Resta il fatto che, nel nostro immaginario culturale, il giro di birra la sera al pub e il tè alle cinque con dolci e focacce e la colazione con uova e pancetta e la pipa con il tabacco e il fish and chips e il bagno con la caldaia e la posta non si associano al medioevo ma all'Inghilterra del Settecento e Ottocento. E infatti gli hobbit sono inglesi in miniatura, ma non certo inglesi medievali, né il loro comportamento, una volta varcati i confini della Contea, denota alcunché di medievale: nei loro viaggi gli hobbit incontrano re e regine, elfi di altissimo lignaggio, mutapelle e draghi. A tutti si rivolgono con estrema cortesia, perché sono un popolo assai cortese, ma non mostrano di avvertire alcun senso di inferiorità sociale (tranne Sam, che si sente socialmente inferiore per principio, ma in un modo tutto inglese). I cinque hobbit viaggiatori affrontano chiunque da pari a pari con la calma consapevolezza di sé di chi ha letto il Contratto sociale e i pensieri di Voltaire e vive in una comunità che non conosce più la schiavitù dalla notte dei tempi. Non sono nostri contemporanei, ma certo vengono da un epoca piuttosto vicina alla nostra e si sentono liberi cittadini in grado di rapportarsi con qualsiasi principe elfico (o drago).

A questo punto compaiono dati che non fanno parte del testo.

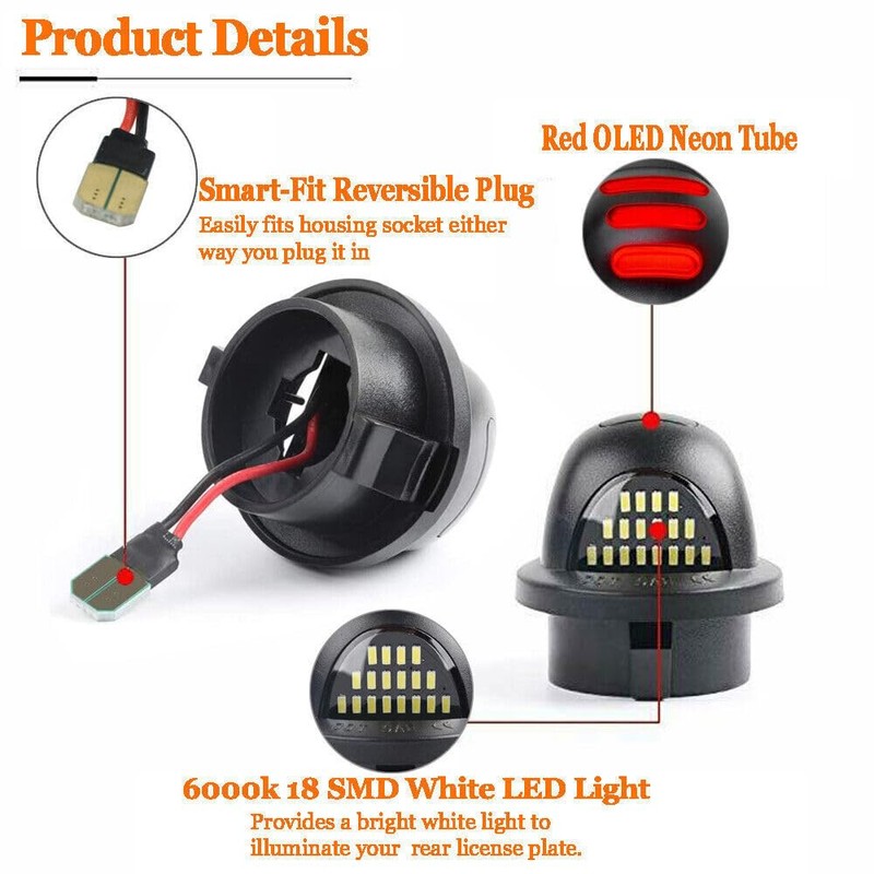 - Excellent Performance: These license plate lights are much brighter than stock lights. Besides, 3-row red OLED strips will greatly increase safety during night driving and enhance your vehicle look. Tremendously improve the lighting on rear license plate visibility at night.

Curiosamente, si sono però dimenticati di inventare la stampa (che pure non è un procedimento molto complicato). Almeno sembrerebbe, anche se Bilbo e Frodo hanno molti libri. Ma, dopotutto, anche la biblioteca di Alessandria aveva molti libri, e per avere molti libri in assenza di stampa basta armarsi di carta e penna o comprare quelli trascritti pazientemente da altri. In questo, magari, i contatti commerciali con i nani potevano essere molto utili.